Grecco's Pizza is the BEST!

The other night we went to Grecco’s, home of the best pizza in the universe. We took Hub’s mother with us, because we always do, and each of us ordered our “usuals.”

The staff at Grecco’s knows us so well, all we have to do is walk in and they say, “The usual?” and we say “Yup,*” and then we sit down in OUR BOOTH and wait a few minutes and, like magic, our food appears and it’s always superb.

This night, we had a new waitress, and we had to actually order from the menu in front of her because she’s not used to the place and the fact that almost everybody who goes there is a “regular” and has “the usual.” She’ll learn.
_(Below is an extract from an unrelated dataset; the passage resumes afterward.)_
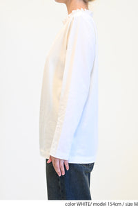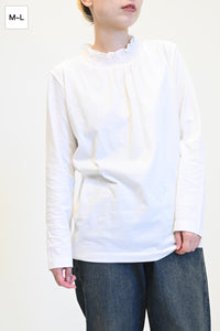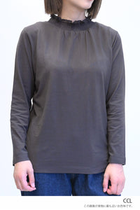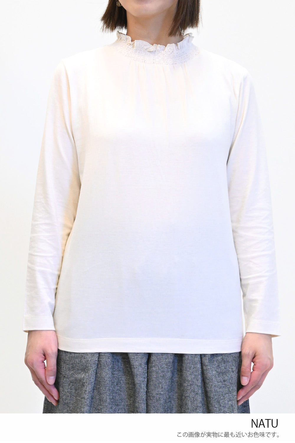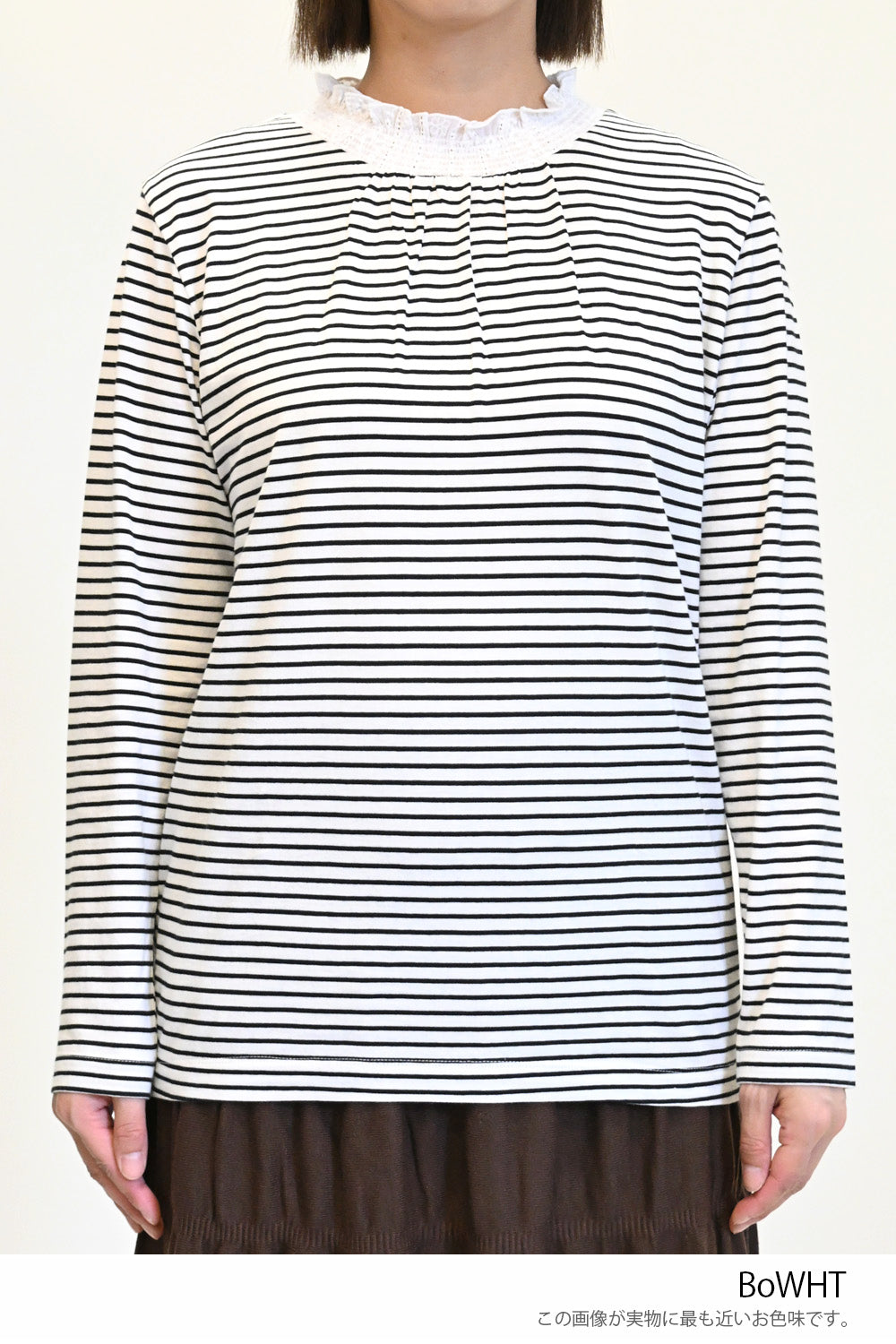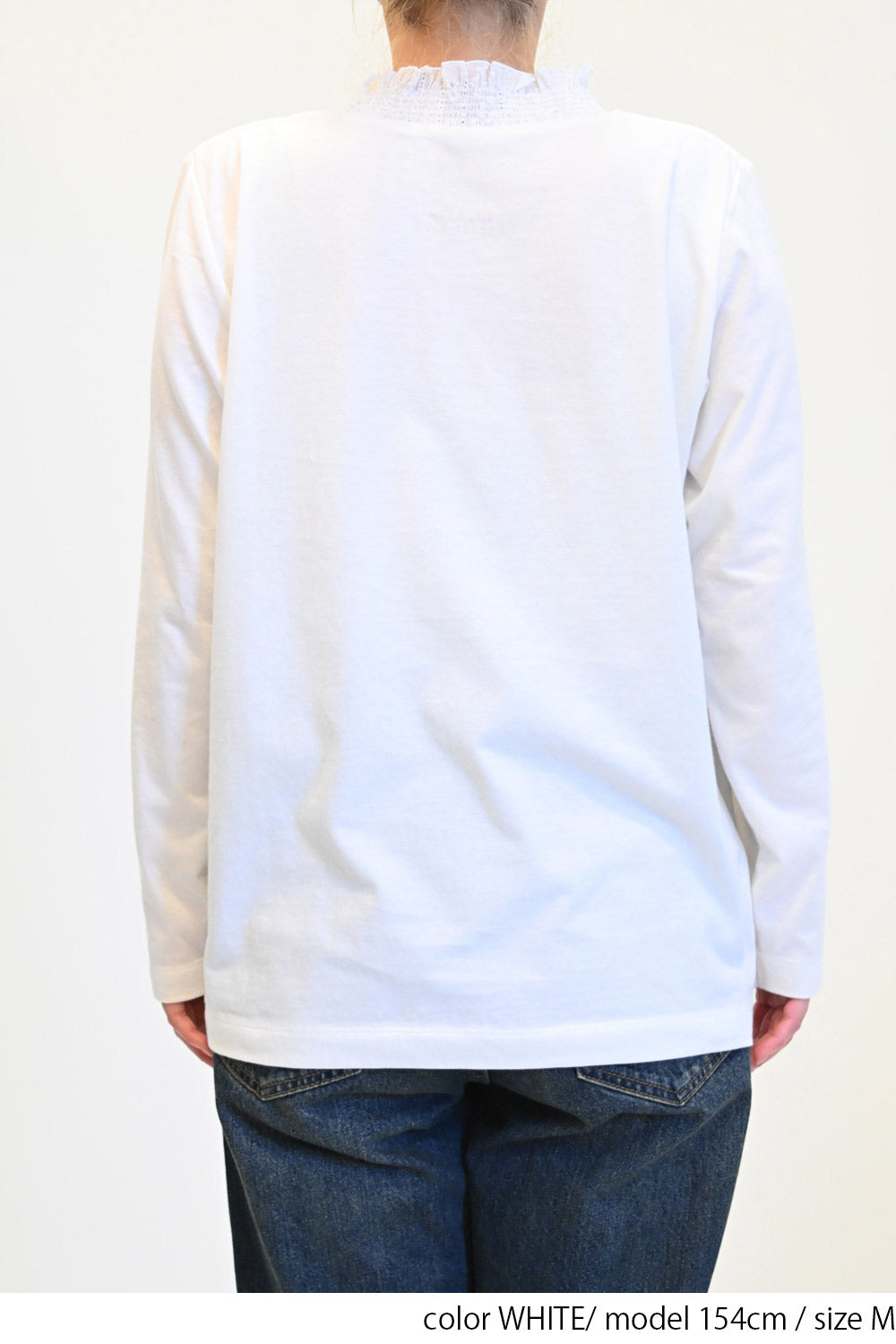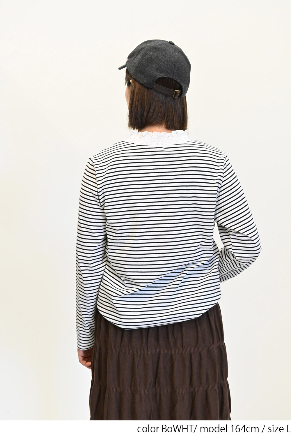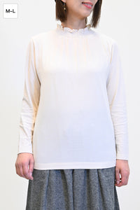 シンプルながらも顔まわりを華やかに見せてくれる、大人可愛いデザインのロンTです。

She was a sweet girl; she’s just new.

To continue this fascinating saga, we sat there and waited, and waited, and waited, and then two of our three got their food and ate their food and finished their food and the third of the three was still waiting, and, well, we started to wonder what was wrong back there in the kitchen with my “usual.”

When she finally brought it to our table, it was the wrong pizza. Sometimes, when it’s the wrong pizza, it’s still okay, but not this time. She apologized, another server came out and apologized; everybody apologized. We were not in a hurry and this kind of thing happens, and it really wasn’t a big deal to us, but it was to the restaurant.
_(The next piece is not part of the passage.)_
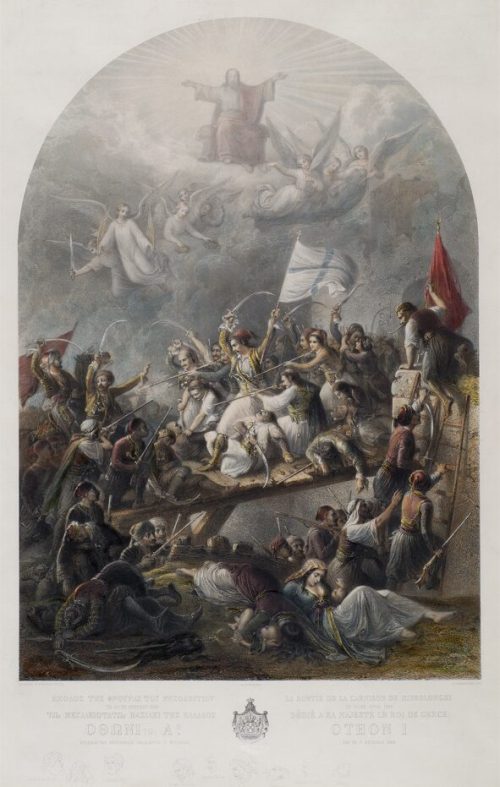 Σκηνή από τις τελευταίες στιγμές του Μεσολογγίου. Μεσολογγίτισσα έχει σκοτώσει το παιδί της, τον Τούρκο που αποπειράθηκε να τη βιάσει και ετοιμάζεται να αυτοκτονήσει. Ελαιογραφία του François-Émile de Lansac, 1827. Πινακοθήκη Δήμου Μεσολογγίου.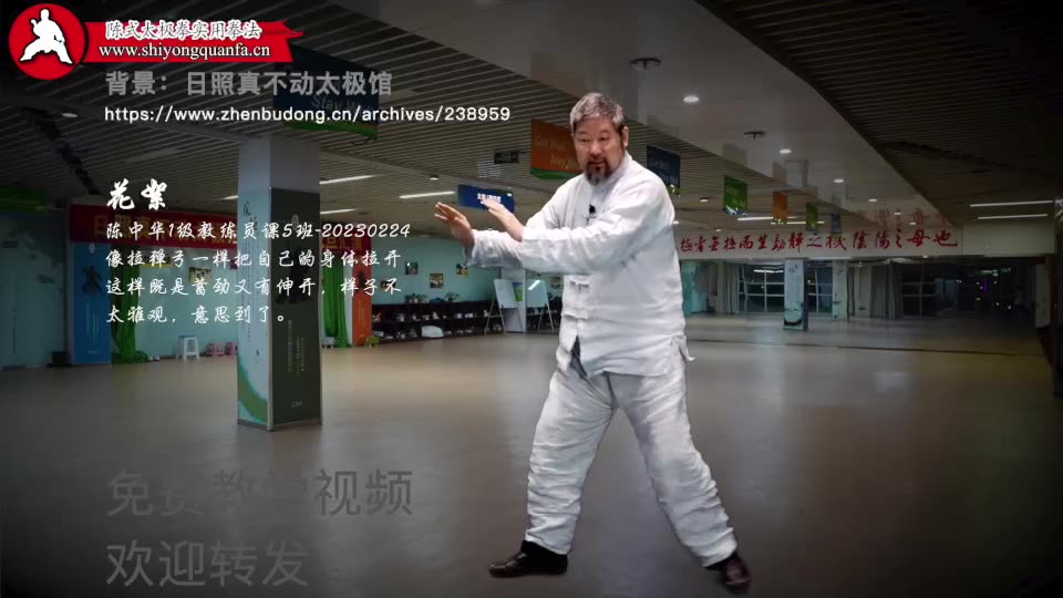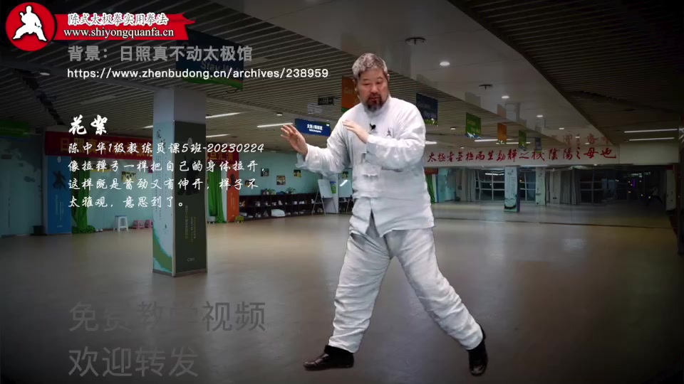 花絮-陈中华1级教练员课5班-20230224。 像拉弹弓一样把自己的身体拉开,这样既是蓄劲又有伸开,样子不太雅观,意思到了。 我们要看到太极的动作本质的干练,简洁,像诗一样的言简意赅。

They comped our entire order.

See, big chain restaurants have a lot to learn from the small, family-owned restaurants who genuinely care about their customers because they KNOW them. The “regulars” at the big places have their “usuals,” too, but who can remember that when corporate policy rules made by old rich guys in bad suits a thousand miles away have to be followed? The employees at big chains might know their customers, but often their hands are tied by this same corporate policy.
At Grecco’s, the owner is usually back in the kitchen, helping. At most of the big chains, the owner doesn’t know that beef comes from cows. At Grecco’s, we’re known by name. At a big chain, we’re known by a number.

Last December, my Other Sister took us all to dinner in a big fancy expensive restaurant, and our waiter spilled a pitcher of ice water, cubes and all, down my back. It was two days before the lining of my coat was dry. We got nothing from the restaurant, not even a little discount. I’d tell you the name of the restaurant but I’m not that petty.

Grecco’s accidentally brings us the wrong pizza, and felt so bad they comped everyone at the table’s dinner.

Which of these two restaurants has the best “corporate policy?”

When you come to visit me, I’ll take you to Grecco’s. It’s tiny and oddly-shaped and weird, but the servers are the greatest and the food is divine.

Miguel, I would have taken you there but you left too soon! (Let’s all go to Miguel’s blog and tell him to update! His posts are so beautiful, and he’s not updated since last fall!)

So, Grecco’s, where I get deep-dish Sicilian pizza made from scratch, we’ll keep coming back, and coming back, because you understand far more than just how to make out-of-this-world Italian food of all kinds. You also understand that customers look upon a favorite restaurant as a friend who understands their tastes and remembers them, as well as remembering their names and where they like to sit, and that those customers also know YOUR names, and how old your kids are, etc.

At the big places, I’m ticket #479, fat chick with a soaked, freezing back, we hope she doesn’t sue but otherwise no big deal; at Grecco’s, I’m Jane and my usual is deep-dish Sicilian pizza with extra sauce and a diet coke with innumerable free refills. Our servers also know what Hub and my MIL always order there.

I understand that if a restaurant is HUGE and doesn’t treat their staff well so they quit all the time and rightly so has a big turnover in staff, it’s more difficult to know the customers, but it should still be a goal.

Grecco’s does it, and I have a feeling that even if his restaurant was large, he’d still hire the kind of staff that remembers their customers’ names and what they’ll probably order for dinner.

Hurry on over. You’ll love this place. Pee before you go; they don’t have a public restroom.

* People around here say “Yup.” Sorry.